На допросах он бравировал своими политическими убеждениями, еще несколько дней назад так тщательно скрываемыми. Цинично рассказывая о своей преступной деятельности, он не щадил своих сообщников и, как ни странно, не пытался спрятаться за спины других. Гумба вел себя иначе. Отрицая вначале все предъявленные обвинения, он отступал, прижатый фактами, понемногу сдавая позицию за позицией. Упорнее всех был отец Иосаф – Зубович. Когда его спросили, где радиостанция, он удивленно посмотрел на Дмитренко и Чиверадзе и, пожав плечами, ответил, что вообще в своей жизни никогда ее не видел.

Но здесь неожиданно помог служка – Маринец. Вообще он знал много, этот маленький монах, помимо своей воли втянутый в эту компанию. Зубовичу пришлось сдаваться. Наконец, на одном из последних допросов он назвал имя своего последнего гостя. Так следствие пришло к Кребсу. Услышав эту фамилию, Дмитренко обменялся взглядом с Чиверадзе и прекратил допрос.

– Пора, Иван Александрович! – сказал Дмитренко, когда они остались одни. И тогда Чиверадзе, уже не колеблясь, ответил:

– Хорошо! Сегодня!

Первым в управление был доставлен Назим Эмир-оглу, задержанный в тот момент, когда он садился на теплоход «Грузия», шедший в Батум. В его маленьком чемоданчике, кроме обязательных зубной щетки, мыла, полотенца и пижамы, обнаружили небольшую тетрадку с непонятными на первый взгляд записями. Даже пустой чемоданчик все же оставался тяжелым. Вскрыли дно и увидели плотно уложенные пачки денег купюрами по десять фунтов стерлингов. Втиснутый между ними лежал массивный золотой портсигар. Кроме подлинных документов в заднем кармане брюк был обнаружен паспорт, разные справки на имя Шония, деньги в советских знаках и… пистолет Дробышева.

Почти следом за Эмир-оглу привезли Шелия. Входя в помещение комендатуры, он из-за нерасторопности дежурного мельком увидел Назима. У него тоскливо сжалось сердце. Изредка, в бессонные ночи, к Шелия приходила мысль о возможном аресте, но он обманывал себя надеждой уйти в последнюю минуту в лес, к Эмухвари. «Ну, а дальше что? – задавал он себе вопрос. – Что ж, так всю жизнь в лесу?» И успокаивал себя тем, что это ненадолго, все переменится, а если нет, можно уйти за реку Чорох, в Турцию. На этот случай он кое-что скопил и хранил в потайном месте. Как-то в разговоре с Назимом он поделисся с ним своими опасениями, но тот успокоил его: до этого не дойдет, а если и случится, то есть люди посильнее, чем мы с тобой, они позаботятся о нас.

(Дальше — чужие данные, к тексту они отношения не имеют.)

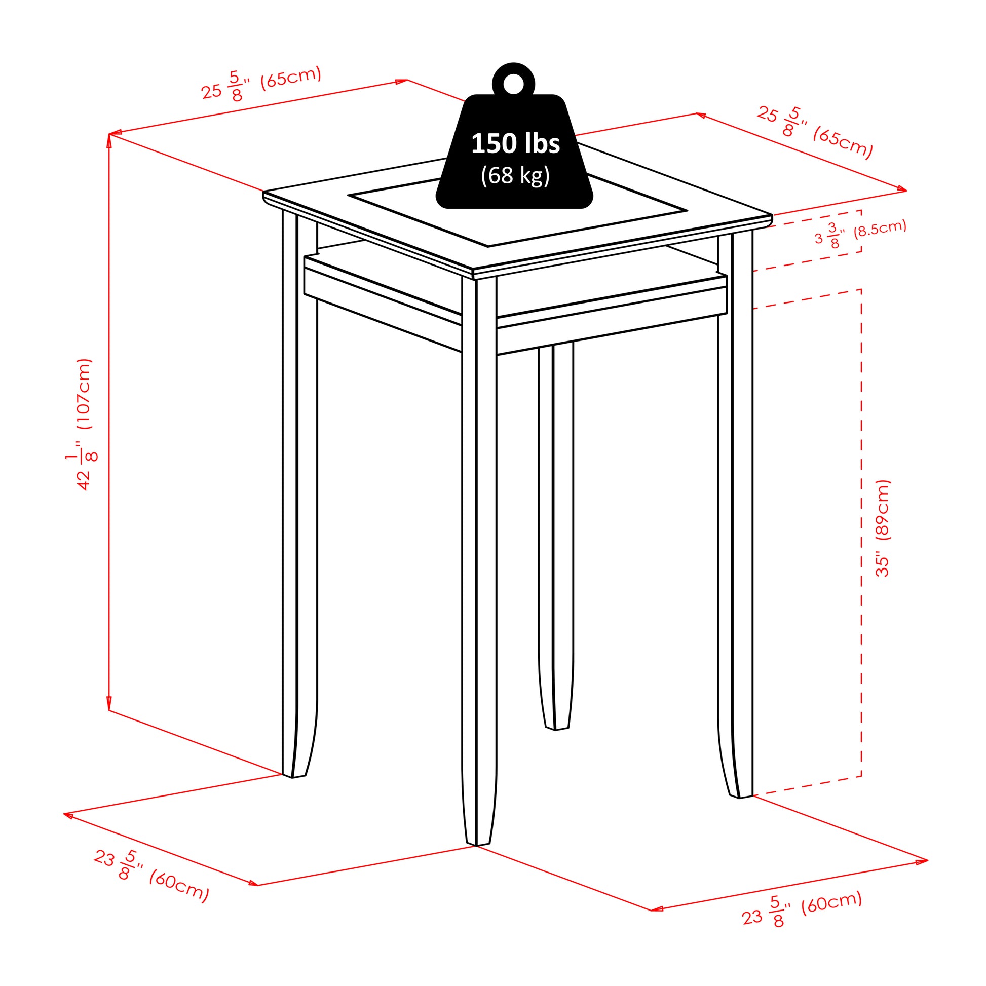 Entertain your guests around the Winsome Wood Halo 3-Pc Dining Set. A sleek pub table that provides a unique configuration as a work space or display case. The accented tempered glass provides a clear view to the shelf below. Compact yet the long, tapered legs give this table a sophisticated style making it a great addition to any area. The two comfortable ladder-back bar stools complement the table design and fit easily under the table when not in use. With a contouring back, broad seat sitting at 30.12”H and wide set legs that lend tip free support. Constructed of sturdy solid wood in a rich walnut finish that can be incorporated effortlessly. This set ships in 2 boxes, with the hardware necessary for assembly included. Replacement parts can be requested directly to the manufacturer within 60 days from date of purchase.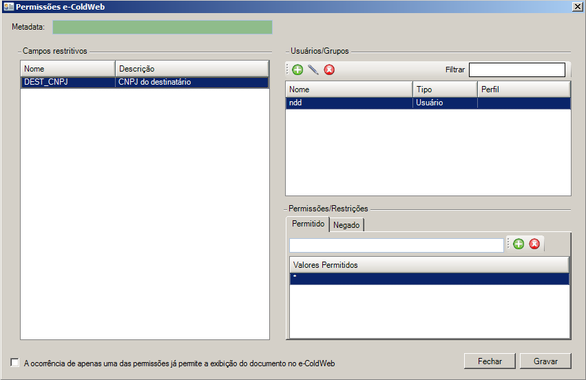 Os campos restritivos exibidos nas permissões deverão ter sido previamente cadastrados na Conexão de Saída Cold> Gerenciar Metadata |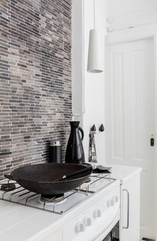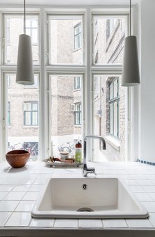 - Det er desværre en lejelejelighed, så det gælder om at finde opgraderende løsninger, der kan klares på et lille budget. Men med maling kommer man altså langt, siger Helle, der også har fornyet køkkenet med mosaikker og tapet og selv lagt klinker på køkkenbordet. Alt sammen nogle enkle metoder, der har opgraderet de gamle rammer uden at koste en bondegård.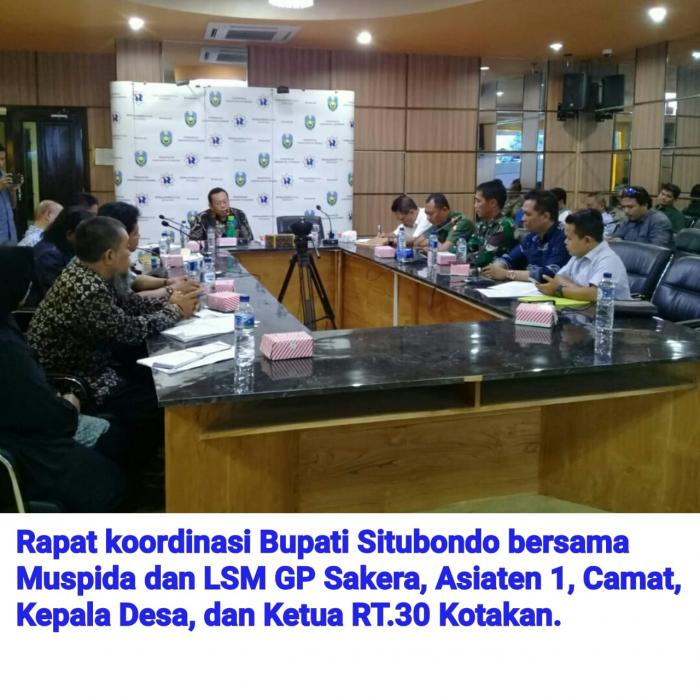 LINTASMATRA.COM – SITUBONDO . Problema yang terjadi terkait Peraturan Daerah (Perda) No 27 Tahun 2004, tentang larangan prostitusi Pelacuran lokalisasi di Kabupaten Situbondo, yang telah disoal oleh Aktivis LSM GP Sakera Kabupaten Situbondo. Menyikapi hal tersebut, Bupati Situbondo” H.Dadang Wigiarto, SH. Melakukan koordinasi dengan Muspida, LSM Sakera Yang bertempat di Intellegence Room ( IP ) lantai 2 kantor Pemkab Situbondo.Jumat, (26/07 ), Pukul 09.00 Wib. Rapat koordinasi di pandu langsung oleh Bupati Situbondo,” Dadang, yang dihadiri perwakilan Kapolres Situbondo, Perwakilan Kodim, Perwakilan CPM, Ketum GP Sakera, Asisten I, Kasatpol PP, Camat Kota, Kepala Desa Kotakan, dan Ketua RT 30 RW.11 Kotakan Situbondo.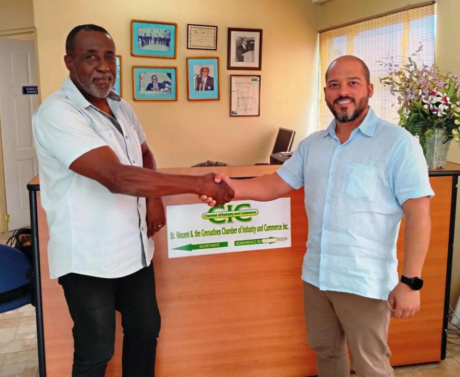 Kingstown, 3 de mayo de 2024. El embajador de Cuba en San Vicente y las Granadinas visitó la sede de la Cámara de Comercio de esta nación, ocasión en la que fue recibido por su director ejecutivo, Anthony Regisford.

Не успели оформить арест и поместить в одиночку Шелия, как два сотрудника привезли Шелегия. Этот производил впечатление обыкновенного уголовника с грубыми, вульгарными манерами, шуточками и матерной бранью. Он наивно верил в то, что ему твердили его руководители: «Ничего не бойся, выручим!» И он не боялся. В протоколе обыска значилось, что у него отобраны пистолет и револьвер с большим количеством патронов, а в комнате, за ковром, обнаружена кавалерийская винтовка. В прошлом он уже неоднократно судился за кражи и грабежи. Обыск и камера не были чем-то новым и неожиданным для него. Правда, раньше им больше интересовался уголовный розыск, «уголовка», как называл он. Там все было проще. Тогда среди проходивших мимо сотрудников розыска он узнавал знакомых по прежним арестам, те в свою очередь, узнавали его и зачастую в шутливой форме спрашивали о здоровье и делах… Он с наигранной беспечностью отвечал, ожидая, пока его отведут в камеру, где уж наверняка он встретит своих «корешей» – друзей по профессии, таких же «блатных», как он. Здесь, в ГПУ, все было иначе. Испугало Шелегия, что его поместили в одиночку. «Чудят, легавые», – подумал он, но чувство трвоги холодком обожгло сердце.

Прошло несколько часов, а Чиковани, посланный за Майсурадзе, не возвращался. Он уже звонил Чиверадзе и Дробышеву, докладывал, что нигде не может его найти.

Иван Александрович нервничал и не отходил от телефона, ожидая сведений. Были перекрыты все места, где Майсурадзе мог появиться, – и никаких проблесков. Он и его «хвост» точно провалились.

– Когда последний раз звонили с поста? – спросил Дробышев.

– А? – переспросил занятый своими мыслями Чиверадзе.

Дробышев повторил вопрос.

– Часа три назад.

– А просочиться на «Грузию» он не мог?

– Нет, этого не могло быть. Там же были люди, следившие за Назимом, они бы увидели. Нет, нет, это исключается!

– А выходы из города?

– Что ты, экзаменуешь меня, что ли? Ведь его же водят наши люди. Куда пропали они? Если бы потеряли – позвонили бы немедленно! Нет! Он, конечно, в городе.

– Иван Александрович! Можно мне связаться с Союзтранспортом, с заведующим? Он не из болтливых, я его знаю. Предупрежу: на всякий случай.

– Звони!

Федор Михайлович снял телефонную трубку и попросил Союзтранс.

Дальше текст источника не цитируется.